11. Silas
CHAPTER ELEVEN
T he ache wouldn’t ease, no matter how hard I pushed.
It burned low and constant, wedged beneath my ribs. Every pull of muscle, every bead of sweat sliding down my collarbones and bare chest only stoked it.
I gripped the pull-up bar tighter, knuckles aching, palms damp against the cold steel as I forced my body upward, again and again, ignoring the way my arms shook like they were seconds away from giving out.
Oxygen ripped through my clenched teeth, my lungs burning with every laboured breath, but it wasn’t enough.
Not enough to clear my head. Not enough to stop the tension twisting tighter in my chest. And sure as hell not enough to get her out of my mind.
It’d been days since I’d vowed to myself that I’d stay away from her, and I was barely keeping it together.
No more gifts waiting on her doorstep before sunrise. No more lingering in the background, keeping an eye on her when she didn’t know I was there.
The only thing I’d allowed myself to do was check the damn doorbell feed. Just in case. Because not knowing about at least one aspect of her safety wasn’t an option. That part hadn’t changed.
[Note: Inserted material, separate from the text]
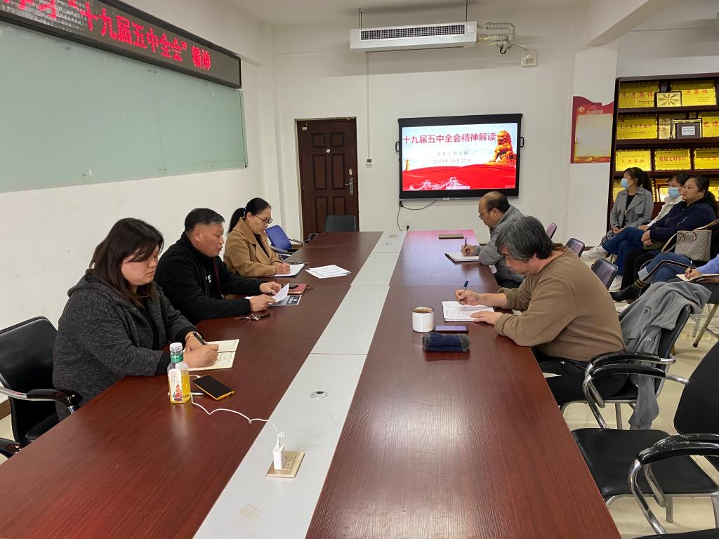 中国共产党第十九届中央委员会第五次全体会议于10月26日至29日在北京举行,全会审议通过了《中共中央关于制定国民经济和社会发展第十四个五年规划和二〇三五年远景目标的建议》。连日来,我校干部师生通过收听收看大会直播、召开集体学习会议等方式,认真学习党的十九届五中全会精神。(供图:相关各部门)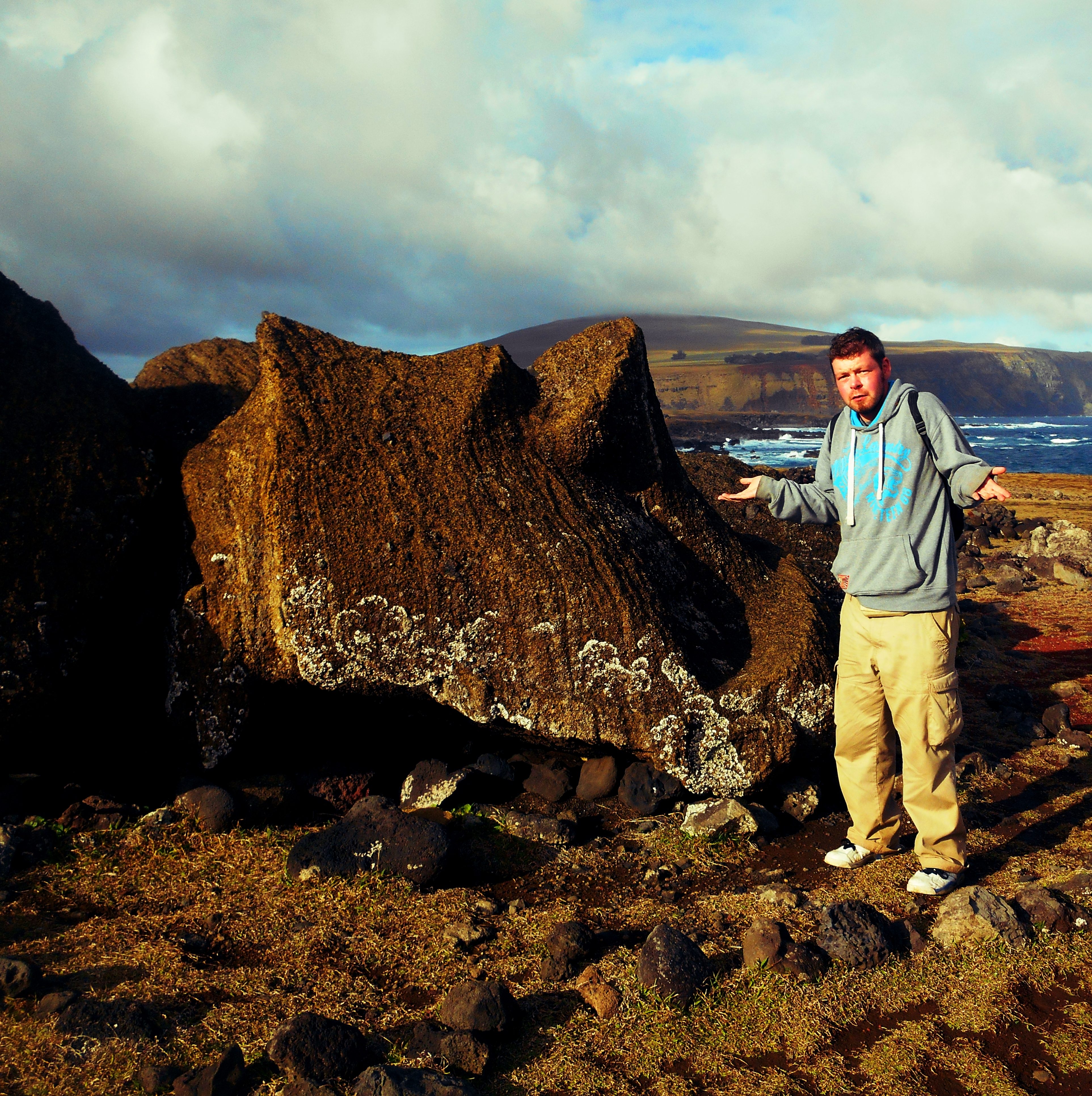 That second evening was very pleasant. We finally had good weather and we had rented a scooter. After getting away with murder in South East Asia (disclaimer: not literally….) I was surprised how strict they were here about renting stuff without a driving license. I’d left mine at home so Andrea used his, along with his natural Italian scootering skills, to drive us around. On the way back from Tongariki to Hanga Roa we passed by some of the fallen maoi, including the largest statue ever carved. It just lay there face down in a field surrounded by a bunch of horses throwing it disapproving “go home you’re drunk” glances.

Would never change.
But everything else? It was different. Off. Twisted into something I couldn’t name. And it was pissing me off.
The floor-to-ceiling windows of my private gym stretched out before me, the city sprawling beyond the glass in endless streaks of pale dusk and neon glow. From up here, everything had always felt quiet. Controlled.
But not tonight.
I hadn’t meant for her to catch me. I didn’t know how she had.
I’d been careful. But the door had swung open, her voice had cut through the air, and I’d frozen.
I hadn’t known what to do. Run? Stay? Pretend I was a passerby out for a casual morning jog in full winter gear like a totally normal, well-adjusted person and not some complete creep?
I moved to the bench press, the clang of steel weights slicing through the silence as I slid the plates into place.
This wasn’t about strength, it wasn’t about gains or endurance or any of the usual bullshit.
It was about shutting out the thoughts I couldn’t bury no matter how deep I tried to shove them.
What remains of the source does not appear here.